Other governments are in agreement with Hoskins: for example, in 2017 members of various government regulatory bodies in New Zealand decided that loot boxes do not constitute gambling. The main argument against classifying loot boxes as a form of gambling was that they are not purchased with the intention of winning money, “or something that can be converted into money.” That in-game loot boxes only provide benefits in the game, and not for real-world goods or money, is an argument that has also been used by EA CEO Andrew Wilson, who emphasized that EA does not “provide or authorize any way to cash out or sell items or virtual currency for real money.”

Determining whether loot boxes constitute gambling will, of course, depend on how one defines “gambling”. If we take gambling to be restricted to just those activities in which one pays money to play a game of chance for the purpose of potentially winning additional money, then it would seem that loot boxes do not, by this definition, constitute gambling. The definition of “gambling” is, of course, up for debate, and, as we have seen, varies from country to country.

However, even if we deny that loot boxes constitute gambling, there will still potentially be problems with allowing them in videogames. The first is that, despite not being able to win money directly within the game, there are many well-known third-party websites that buy and sell loot box items. Second, even if loot boxes are not technically considered a form of gambling, that does not mean that they are, in fact, “quite ethical”.

Consider the first worry first: well-aware of the existence of third-party resellers of loot box prizes, Wilson stated that EA “forbid[s] the transfer of items or in-game currency” outside of the games, with Hopkins attributing these problems to “bad guys”. We might ask, however, whether EA should take any responsibility for being part of a system in which people can pay for a chance to win something that does have real-world value, even if EA themselves doesn’t approve of it. We could interpret this situation in a couple of ways: on the one hand, we might think that, as an unwilling participant in the third-party reselling business, EA should not be held accountable for the actions of some bad actors; on the other hand, we might think that, given that EA is well aware of the existence of these third parties, that the loot box mechanics just sounds like gambling with a couple of extra steps.

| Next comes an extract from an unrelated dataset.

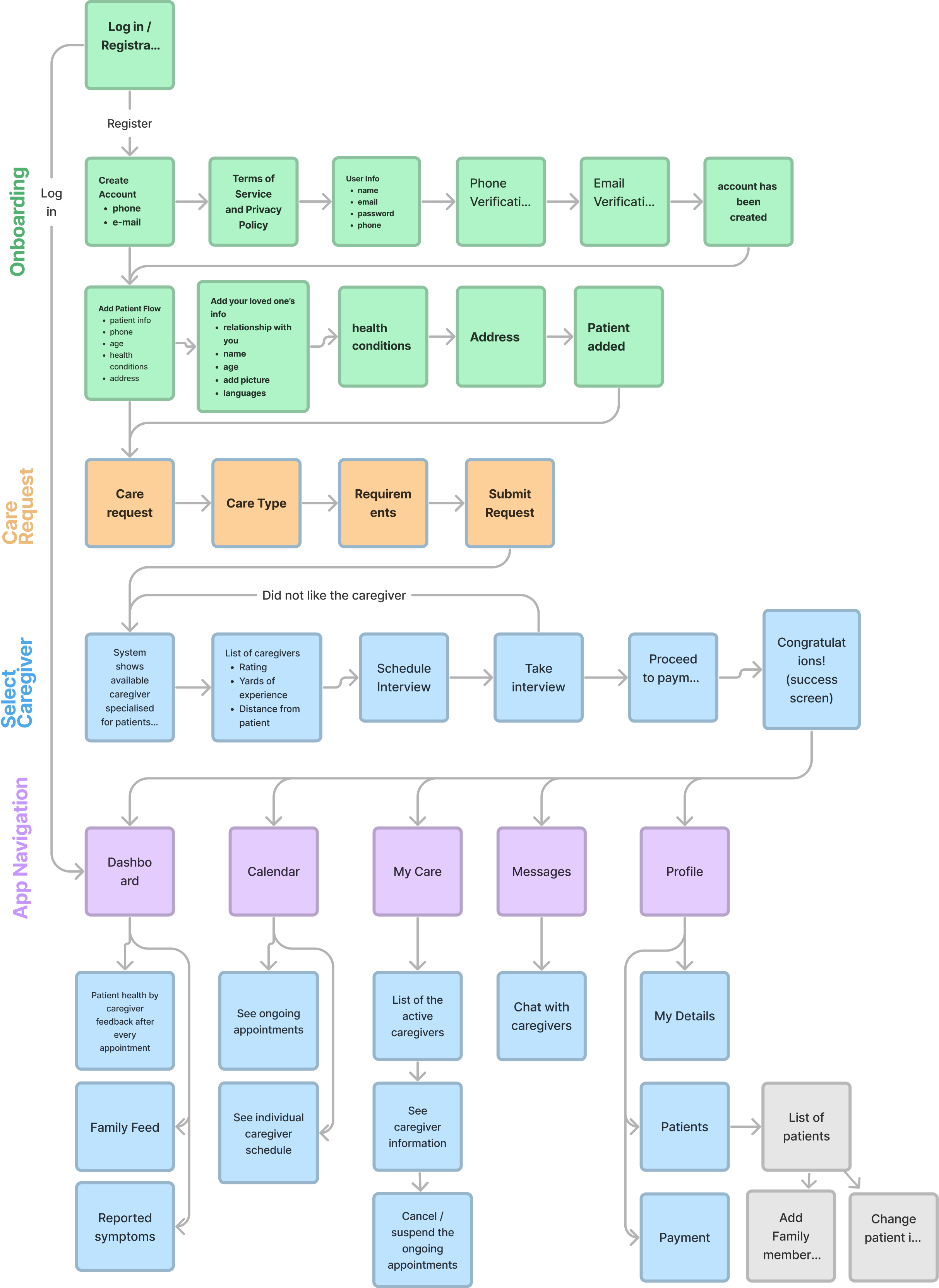 User Flow Mapping: Comprehensive user flow diagrams were created to visualize the journey of customers and caregivers within the app ecosystem.

Regardless of whether we think that loot boxes constitute gambling or “gambling with extra steps”, we can still ask whether they are “quite ethical”. For instance, we might still be concerned that the system is one that encourages, if not straight-up gambling, then at least activity that is closely related to gambling in adolescents. While there has not been a lot of study on the long-term effects of loot boxes, one recent study found that not only do the majority of people who play games with loot boxes consider them to be gambling, but that “Risky Loot Box use correlated moderately with gambling-related measures.” While this research appears to still be in its infancy, there is at least some empirical support for concerns about their effects. Despite EA’s insistence, then, there remains plenty of reason to be concerned that loot boxes are not as ethical as they would have consumers believe.